Jaspin asintió, se levantó y salió tambaleándose del oscuro autobús. Fuera, unos cuantos miembros de la Hueste Interna, Carvalho, Lagosta, Barbosa, estaban tendidos en los escalones. Le miraron sonrientes. La burla chispeó en sus caras oscuras. Jaspin pasó cuidadosamente junto a ellos, sin prestar atención a lo malicioso de aquellas sonrisas; la presencia de los dioses todavía estaba con él. Escribe lo que sientes, cómo piensas. Sí. Pero primero tenía que contárselo a Jill.
Estaba oscureciendo. El aire era frío. Ahora se encontraban cerca de Monterrey, tierra adentro, acampados en lo que había sido un campo de girasoles antes de que cien mil peregrinos hubieran pasado a través de él con sus autobuses, furgonetas y camiones. Tres hogueras enormes ardían, enviando al cielo negras columnas de humo. Buscó a Jill en su coche. No estaba allí.
Oyó risas a su espalda. Más miembros de la Hueste: Cotovela, Johnny Espingarda, que se apoyaban contra el autobús amarillo y naranja. Los miró.
—¿Pasa algo gracioso?
—¿Gracioso? ¿Gracioso?
—¿Alguno de vosotros ha visto a mi esposa?
Se rieron de nuevo, exagerando la risa. Intentaban deliberadamente hacer que se sintiera incómodo. Jaspin sintió desprecio hacia estos bastardos brasileños de rostro inescrutable, estos apóstoles del Senhor tan engreídos en su asunción de santidad superior.
—Tu esposa —dijo Johnny Espingarda, haciendo que sonara a algo sucio.

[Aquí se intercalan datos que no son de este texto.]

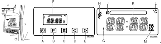 沃爾沃VOLVO B 系列挖掘機(jī)發(fā)動(dòng)機(jī)柴油加熱器 A時(shí)間設(shè)置開關(guān) B程序開關(guān) C加熱“開/關(guān)”開關(guān) D倒退開關(guān) E前進(jìn)開關(guān) F顯示窗口G記憶指示器 F遙控器符號(hào) J程序日 K當(dāng)前時(shí)間/計(jì)劃時(shí)間 L溫度顯示器 J加熱指示器

—Mi esposa, sí. ¿Sabes dónde está?
Johnny Espingarda se llevó el puño a la boca y tosió. Cotovela volvió a reírse. Jaspin sintió que la sumisión y la sorpresa que los hologramas del Senhor habían creado en él se desvanecían bajo el peso de la irritación y la furia. Dio media vuelta, se alejó de ellos, y continuó buscando a Jill en la oscuridad. Caminó hasta el otro lado de su coche, pensando que tal vez ella había tendido una manta allí. Jill no estaba tampoco en ese sitio. Sin embargo, cuando regresaba, la vio caminando hacia el coche de vuelta del autobús de la Hueste Interna. Parecía agitada, sudorosa, exhausta, y batallaba desmañadamente con el cinturón de sus vaqueros. Tras ella, Bacalhau había salido del autobús y decía algo a Cotovela y Johnny Espingarda. Jaspin oyó su áspera risotada. Oh, Cristo, pensó. No, no Bacalhau.
—¿Jill?
—¿Has estado visitando al Senhor? —Sus ojos parecían un poco desenfocados.
—Sí. ¿Y tú?
Ella hizo un esfuerzo por ver con claridad, y cuando lo consiguió sus ojos se fijaron en los de él con una expresión fría, desafiante.
—He estado entrevistando a la Hueste Interna —dijo—. Un pequeño estudio antropológico. —Soltó una risita.
—Jill. Oh, Dios, Jill…
2
Entre estos dos nuevos extraños, la hermosa mujer que no era real y el hombre de la pierna lastimada y ceño fruncido, Tom estuvo seguro de que sentía venir una visión. Justo aquí, delante de todos, en esta carretera solitaria, mientras el sol se ponía.
Pero, sin saber por qué, la visión no llegó. Sentía el rugido en su cerebro, el principio de las sacudidas luminosas, pero eso fue todo. Tal vez algo más estaba pasando, algún tipo de presagio se desplegaba en su interior.